* [What is required]: Would you please retype, exactly, the lines of the listing below between the line with "新乐新古迪城市街景梦幻街道商店组装模型儿童拼装积木拼插玩具屋热门设计联盟服务商" and the line with "Hidden between the", inclusive?

* [Supplied data]:
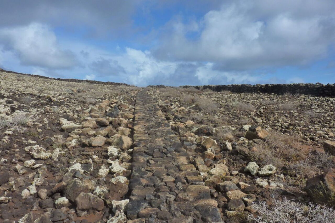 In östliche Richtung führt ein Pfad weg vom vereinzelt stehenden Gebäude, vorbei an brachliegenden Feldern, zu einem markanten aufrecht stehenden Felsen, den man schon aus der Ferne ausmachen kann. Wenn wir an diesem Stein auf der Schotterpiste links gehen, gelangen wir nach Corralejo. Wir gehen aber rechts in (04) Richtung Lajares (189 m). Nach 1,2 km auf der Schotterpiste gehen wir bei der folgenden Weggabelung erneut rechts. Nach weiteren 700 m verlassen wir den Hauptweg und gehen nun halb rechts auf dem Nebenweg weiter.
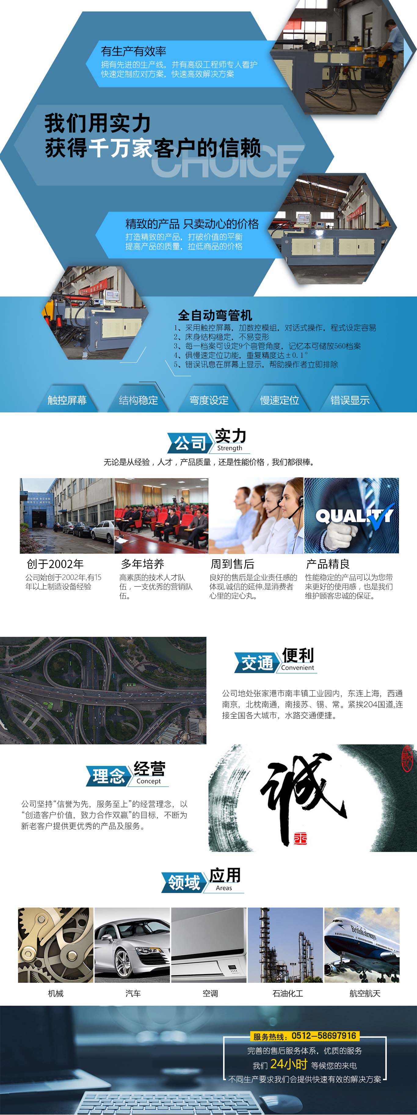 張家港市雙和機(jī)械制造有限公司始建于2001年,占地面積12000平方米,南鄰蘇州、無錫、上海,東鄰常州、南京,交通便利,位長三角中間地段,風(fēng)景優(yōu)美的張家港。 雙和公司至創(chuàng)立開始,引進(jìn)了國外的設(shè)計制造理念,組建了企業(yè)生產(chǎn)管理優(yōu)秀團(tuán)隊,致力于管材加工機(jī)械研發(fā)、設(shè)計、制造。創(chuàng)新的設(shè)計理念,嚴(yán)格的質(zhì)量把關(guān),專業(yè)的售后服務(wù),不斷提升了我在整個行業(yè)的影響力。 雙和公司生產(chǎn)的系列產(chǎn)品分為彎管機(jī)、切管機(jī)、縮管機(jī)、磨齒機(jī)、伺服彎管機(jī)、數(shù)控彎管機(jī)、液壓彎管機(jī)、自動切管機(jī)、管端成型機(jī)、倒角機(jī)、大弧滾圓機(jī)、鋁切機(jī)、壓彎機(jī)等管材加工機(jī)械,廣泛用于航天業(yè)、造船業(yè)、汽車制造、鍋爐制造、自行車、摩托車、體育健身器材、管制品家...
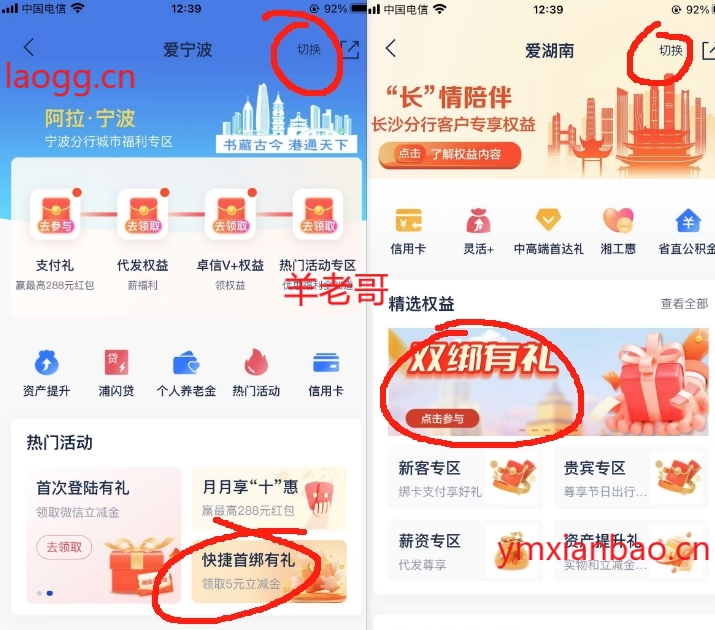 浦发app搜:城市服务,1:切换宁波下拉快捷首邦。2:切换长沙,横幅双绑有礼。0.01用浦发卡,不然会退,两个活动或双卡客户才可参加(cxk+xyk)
==
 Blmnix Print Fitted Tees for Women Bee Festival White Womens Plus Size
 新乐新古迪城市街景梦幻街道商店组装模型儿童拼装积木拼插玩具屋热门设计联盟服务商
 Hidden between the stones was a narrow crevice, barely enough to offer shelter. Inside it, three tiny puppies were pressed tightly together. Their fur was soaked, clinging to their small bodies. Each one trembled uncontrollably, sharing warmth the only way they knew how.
---
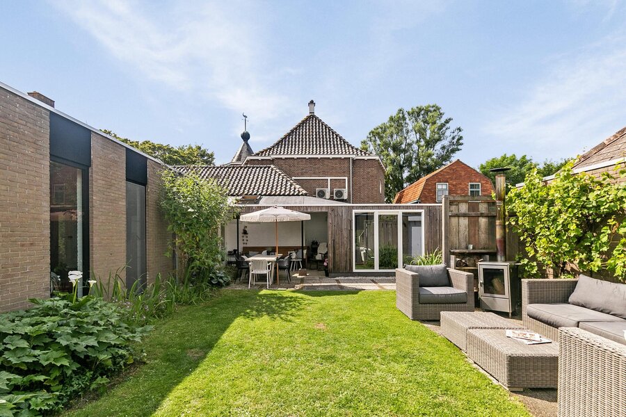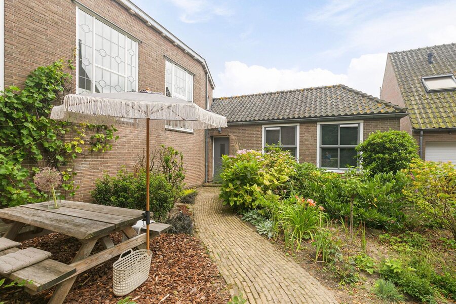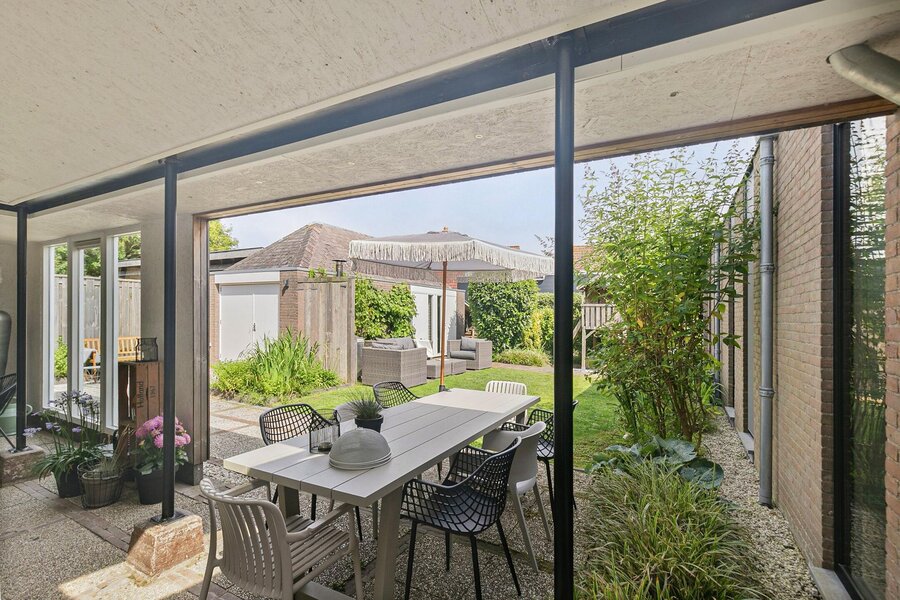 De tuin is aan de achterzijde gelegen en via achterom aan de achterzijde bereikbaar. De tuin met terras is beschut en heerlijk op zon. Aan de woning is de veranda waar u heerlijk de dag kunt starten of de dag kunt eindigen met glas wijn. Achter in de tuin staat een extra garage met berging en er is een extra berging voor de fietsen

* [Solution]:
 新乐新古迪城市街景梦幻街道商店组装模型儿童拼装积木拼插玩具屋热门设计联盟服务商
 Hidden between the stones was a narrow crevice, barely enough to offer shelter. Inside it, three tiny puppies were pressed tightly together. Their fur was soaked, clinging to their small bodies. Each one trembled uncontrollably, sharing warmth the only way they knew how.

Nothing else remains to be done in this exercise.